Work to be completed: For this task, extract exactly the lines of the data below, from the line containing "そぼろ丼、フリフリポテト、ソフトクリーム、かき氷、チーズボール" through the last one, with pictures left out.

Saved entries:
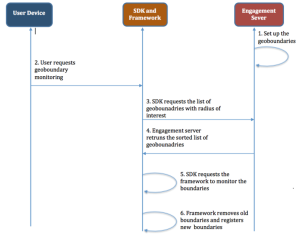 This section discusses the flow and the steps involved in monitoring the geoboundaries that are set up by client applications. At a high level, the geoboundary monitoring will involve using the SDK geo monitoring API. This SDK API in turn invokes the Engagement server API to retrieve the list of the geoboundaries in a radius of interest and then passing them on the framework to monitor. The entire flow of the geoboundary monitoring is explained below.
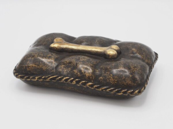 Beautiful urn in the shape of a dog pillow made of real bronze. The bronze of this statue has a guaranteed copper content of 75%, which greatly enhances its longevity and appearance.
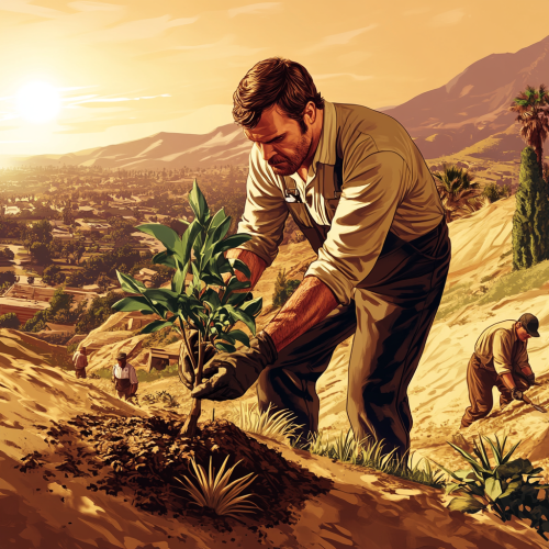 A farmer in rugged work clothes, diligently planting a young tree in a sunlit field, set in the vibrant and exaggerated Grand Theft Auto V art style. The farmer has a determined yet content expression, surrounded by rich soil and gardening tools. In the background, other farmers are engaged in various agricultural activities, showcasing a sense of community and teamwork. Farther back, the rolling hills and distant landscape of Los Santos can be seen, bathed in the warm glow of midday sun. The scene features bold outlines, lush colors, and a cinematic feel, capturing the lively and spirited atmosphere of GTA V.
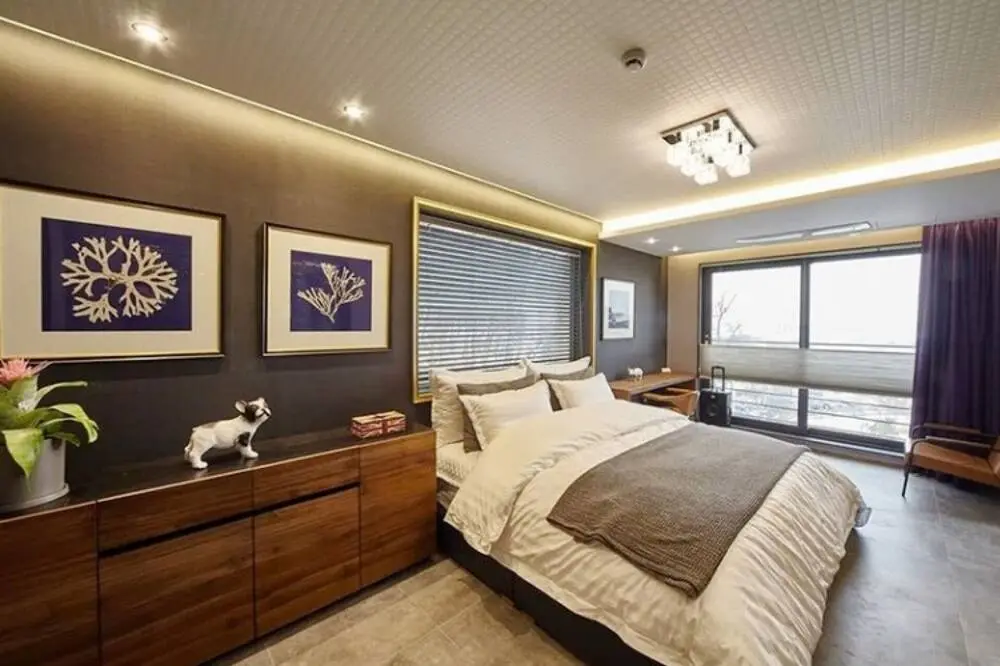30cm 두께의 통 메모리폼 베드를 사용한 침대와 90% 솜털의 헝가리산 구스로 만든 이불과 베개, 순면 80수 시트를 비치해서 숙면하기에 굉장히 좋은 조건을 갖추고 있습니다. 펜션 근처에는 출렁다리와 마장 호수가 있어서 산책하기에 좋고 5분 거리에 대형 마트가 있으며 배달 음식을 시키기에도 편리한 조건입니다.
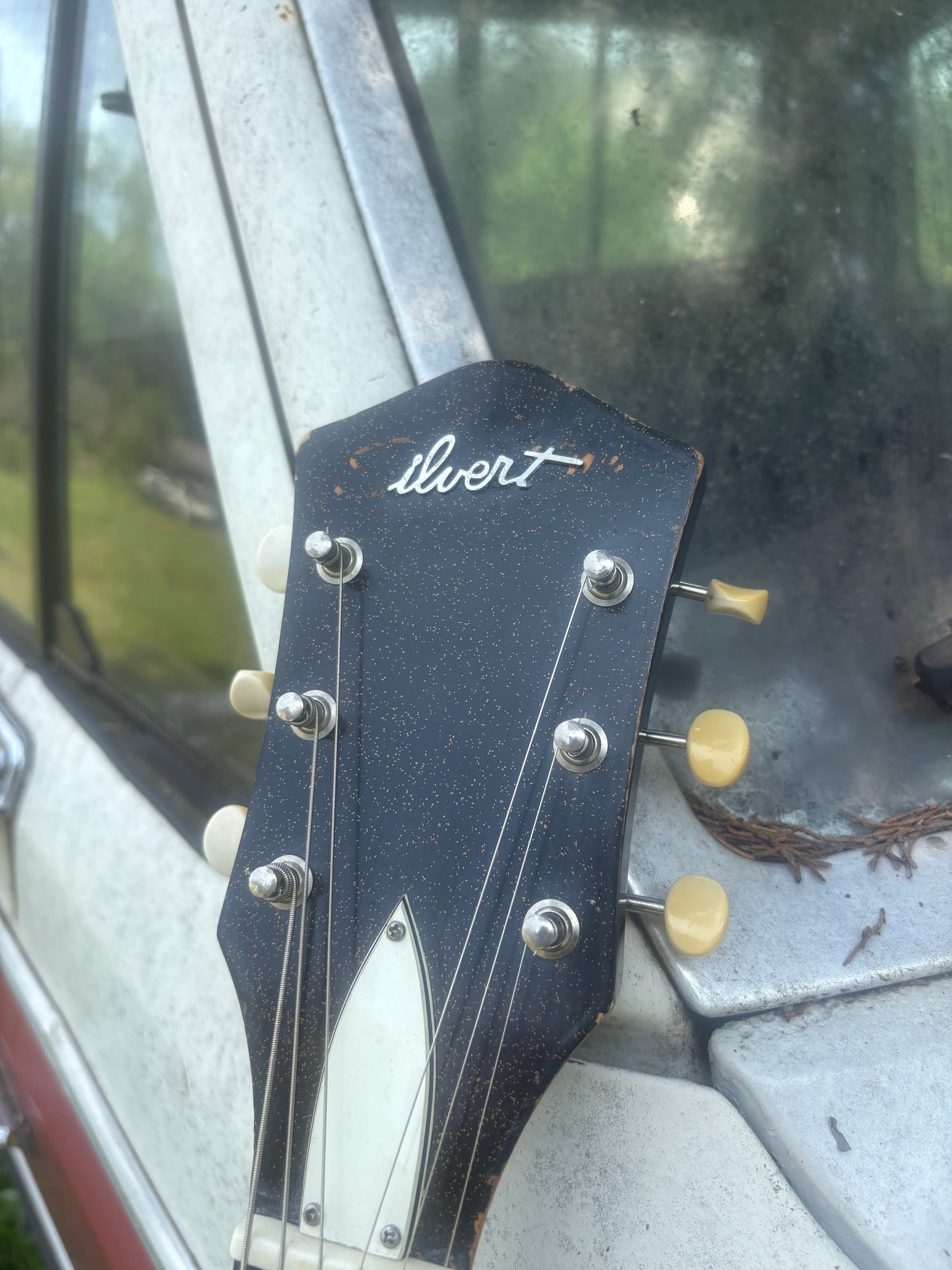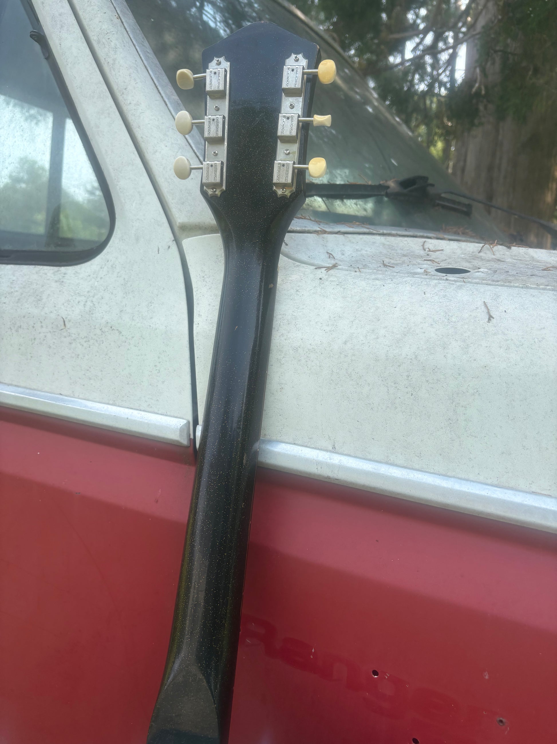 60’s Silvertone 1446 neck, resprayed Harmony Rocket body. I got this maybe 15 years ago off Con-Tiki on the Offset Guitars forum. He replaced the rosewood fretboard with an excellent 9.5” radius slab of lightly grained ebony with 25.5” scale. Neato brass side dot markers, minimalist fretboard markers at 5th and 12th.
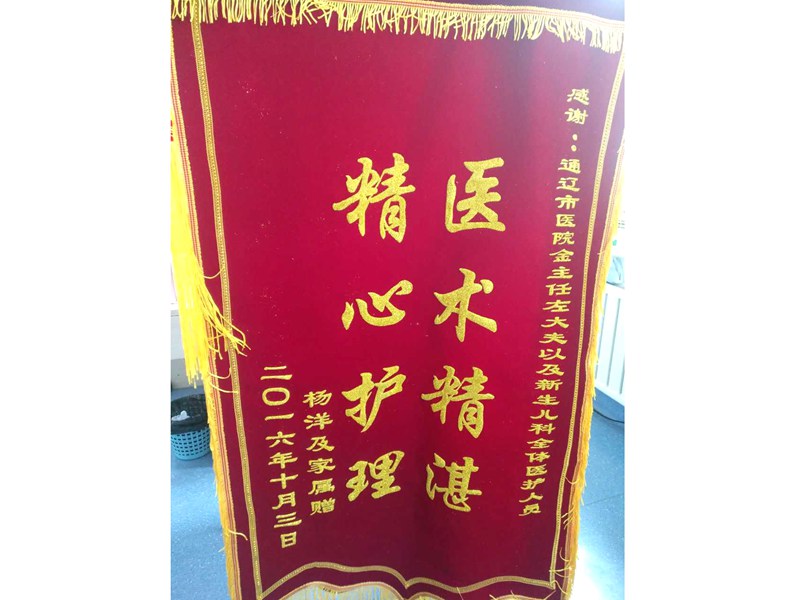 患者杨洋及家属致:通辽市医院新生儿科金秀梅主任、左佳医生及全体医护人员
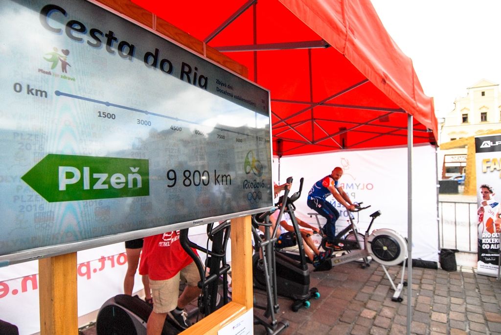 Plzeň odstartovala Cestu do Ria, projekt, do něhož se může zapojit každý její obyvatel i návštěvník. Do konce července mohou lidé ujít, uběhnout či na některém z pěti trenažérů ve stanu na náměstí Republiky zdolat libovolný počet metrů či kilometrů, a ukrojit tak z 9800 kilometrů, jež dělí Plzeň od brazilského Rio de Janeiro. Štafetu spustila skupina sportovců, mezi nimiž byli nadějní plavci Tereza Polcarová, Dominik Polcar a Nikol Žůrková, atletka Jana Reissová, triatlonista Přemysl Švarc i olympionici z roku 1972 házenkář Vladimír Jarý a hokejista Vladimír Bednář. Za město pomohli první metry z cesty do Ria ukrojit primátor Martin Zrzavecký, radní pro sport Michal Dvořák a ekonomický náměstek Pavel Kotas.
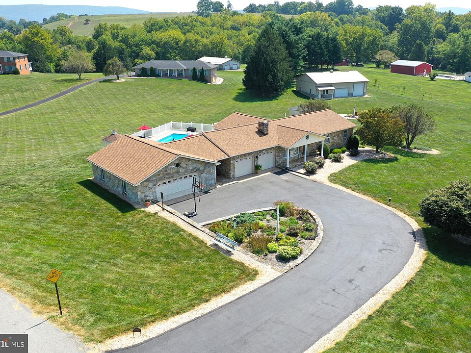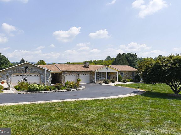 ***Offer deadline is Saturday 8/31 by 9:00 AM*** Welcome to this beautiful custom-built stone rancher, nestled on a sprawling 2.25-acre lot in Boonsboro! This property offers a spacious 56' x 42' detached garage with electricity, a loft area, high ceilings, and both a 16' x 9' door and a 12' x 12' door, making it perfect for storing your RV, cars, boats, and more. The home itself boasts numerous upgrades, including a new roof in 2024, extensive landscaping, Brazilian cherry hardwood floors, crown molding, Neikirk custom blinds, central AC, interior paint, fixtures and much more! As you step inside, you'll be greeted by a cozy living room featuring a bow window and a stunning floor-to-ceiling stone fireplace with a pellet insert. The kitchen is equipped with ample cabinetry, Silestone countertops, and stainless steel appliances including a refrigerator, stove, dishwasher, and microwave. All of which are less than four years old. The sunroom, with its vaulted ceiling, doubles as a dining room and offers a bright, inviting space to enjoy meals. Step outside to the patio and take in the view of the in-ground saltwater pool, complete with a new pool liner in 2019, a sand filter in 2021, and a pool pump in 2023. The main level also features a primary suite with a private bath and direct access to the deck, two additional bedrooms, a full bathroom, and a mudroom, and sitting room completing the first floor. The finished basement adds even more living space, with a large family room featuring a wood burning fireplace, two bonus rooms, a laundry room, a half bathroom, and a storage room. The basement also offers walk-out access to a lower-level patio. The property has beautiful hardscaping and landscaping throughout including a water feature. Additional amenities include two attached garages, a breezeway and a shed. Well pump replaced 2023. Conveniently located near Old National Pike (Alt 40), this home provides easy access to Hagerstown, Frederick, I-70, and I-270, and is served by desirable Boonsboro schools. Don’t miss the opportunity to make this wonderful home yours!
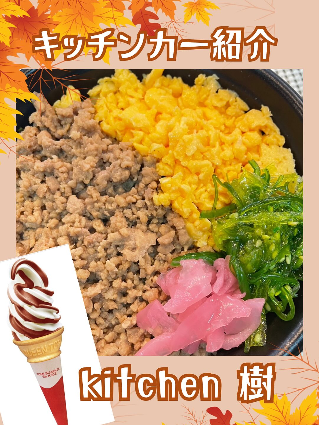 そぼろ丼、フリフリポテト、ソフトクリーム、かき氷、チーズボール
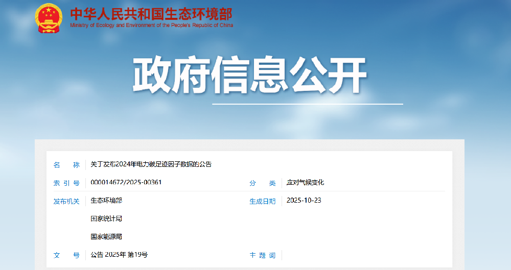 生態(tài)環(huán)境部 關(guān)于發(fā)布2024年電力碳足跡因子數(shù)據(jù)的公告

Solution to the problem:
 そぼろ丼、フリフリポテト、ソフトクリーム、かき氷、チーズボール
 生態(tài)環(huán)境部 關(guān)于發(fā)布2024年電力碳足跡因子數(shù)據(jù)的公告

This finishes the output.